А преступные импровизаторы, посмевшие поминать всуе священные тексты инструкций? А так называемые поэты, осмелившиеся досочинять и переделывать мантры? Незаконные приватизаторы священной собственности богов, разве они не казались выродками, мутантами испорченного социокода? Они и были таковыми, и для воспроизводства некоторых символических форм эта первая мутация сыграла роковую роль, оказавшись летальной. Подобно динозаврам вымерли логоневрозы, служившие хорошим эмпирическим доказательством непорочного зачатия[101]. Исчезли знаменитые стигматы, вплетенные в религиозные переживания Средневековья, вымерли фигуры мгновенной действенности символического вроде проклятий, срабатывавших прямо в момент произнесения[102].

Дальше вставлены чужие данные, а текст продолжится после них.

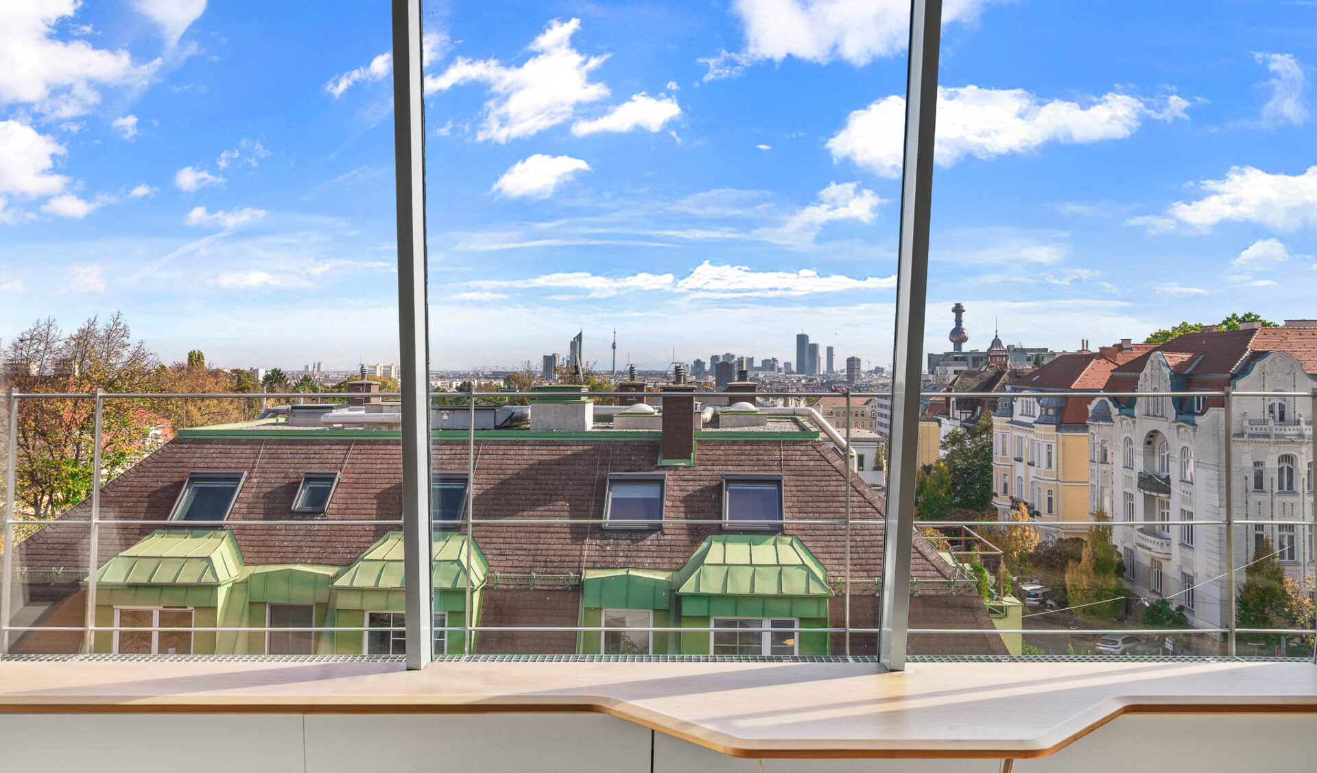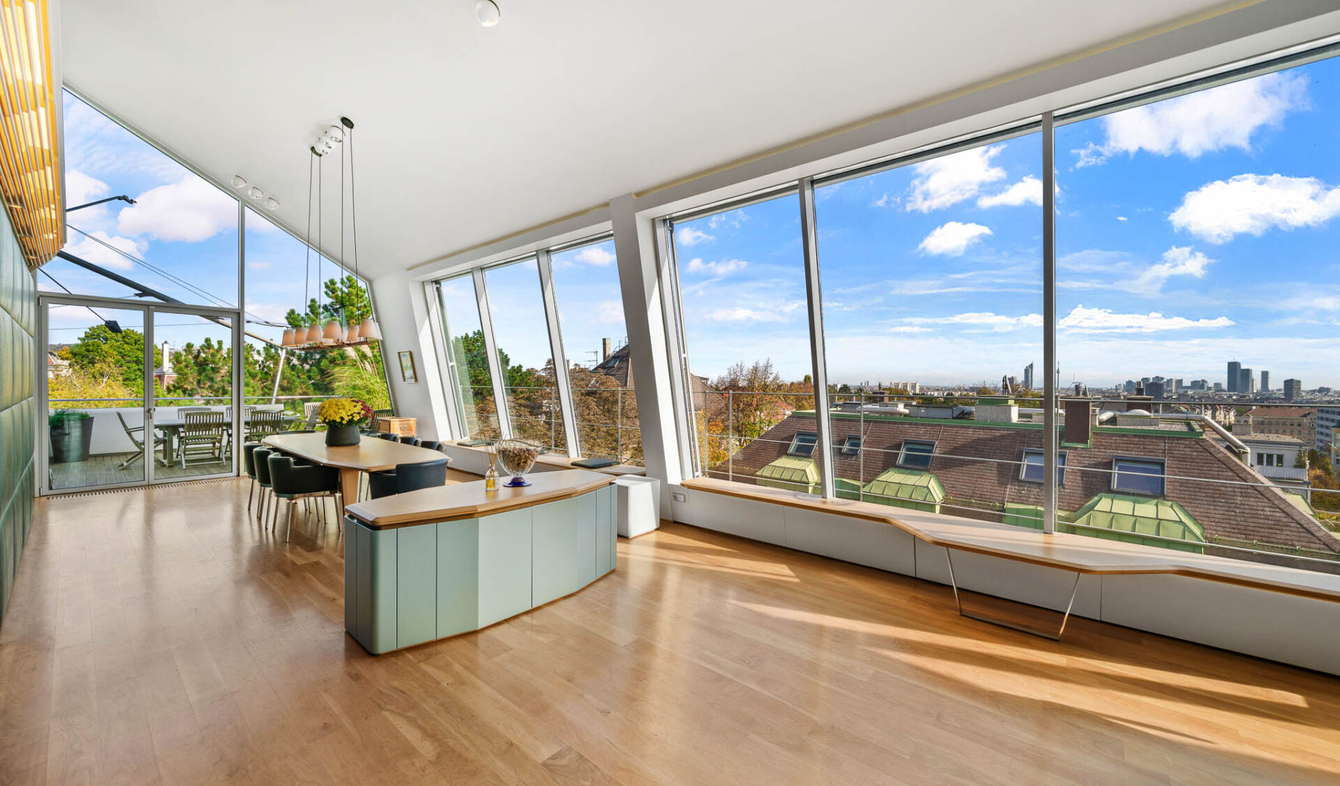 Die fast 16 Meter lange Atelierverglasung durchzieht den lichtdurchfluteten Wohnraum wie ein gläsernes Band und öffnet sich zu einer Terrasse mit spektakulärem Panoramablick über die Stadt. Schon beim Betreten der Wohnung fällt der Blick durch den beidseitig verglasten Kamin direkt auf die Skyline von Wien.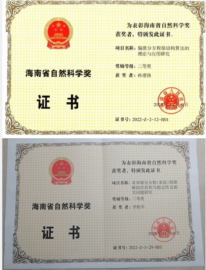 12月5日,海南省科学技术奖励大会在海口召开,省委书记、省人大常委会主任冯飞出席会议并讲话,省委副书记、省长刘小明主持,省委副书记沈丹阳等省领导出席会议。海南大学有20项科研成果获得了2022年度海南省科学技术奖。我院2项科研成果获得了2022年度海南省自然科学奖,取得了优异的成绩。我院孙建强教授主持申报的“偏微分方程保结构算法的理论与应用研究”获得了海南省自然科学奖二等奖,李胜军教授主持申报的“奇异微分方程(系统)周期解的存在性与稳定性及相关问题研究”获得了海南省自然科学奖三等奖。表明我院数学学科微分方程理论与数值方法的研究取得了重大进展。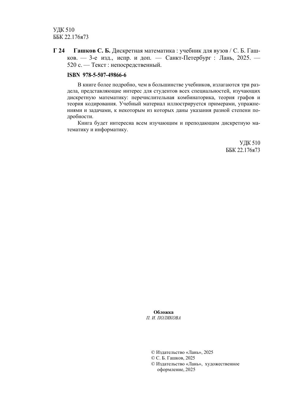 В книге более подробно, чем в большинстве учебников, излагаются три раздела, представляющие интерес для студентов всех специальностей, изучающих дискретную математику: перечислительная комбинаторика, теория графов и теория кодирования. Учебный материал иллюстрируется примерами, упражнениями и задачами, к некоторым из которых даны указания разной степени подробности. Книга будет интересна всем изучающим и преподающим дискретную математику и информатику.

В процессе формирования роскоши человеческого общения (развернутой вербальной коммуникации) прямая сверка с эталоном уступила место искусу искусства и новым критериям, прежде всего – критерию вкуса. Именно после разрушения Вавилонской башни, то есть первой, архаической диктатуры символа, стало ясно, что самое интересное в человеческой жизни есть то, что можно сказать словами – обговорить. Прежняя установка предполагала, что болезнь можно заговорить, – и демонстрировала, как это сделать, – озвучивая в форме буквальной рецитации вещую формулу, устраняющую порчу. Следующая установка (похоже, что для нас уже предыдущая) сводилась к тому, что боль и болезнь можно обговорить, благодаря чему, возможно, и будет устранена ее причина. А даже если и не будет, то внакладе вы не останетесь. Как бы мы ни относились к претензиям психоаналитической техники на исцеление (прямое исцеление в духе талифа куми, знаменитых слов Иисуса, разумеется, в поствавилонской ситуации уже невозможно), всегда оставалось более важное, хотя и «не объявленное» Фрейдом предназначение. В формулировке Н. Савченковой оно звучит так: «Психоанализ – это шанс самого интересного разговора в вашей жизни».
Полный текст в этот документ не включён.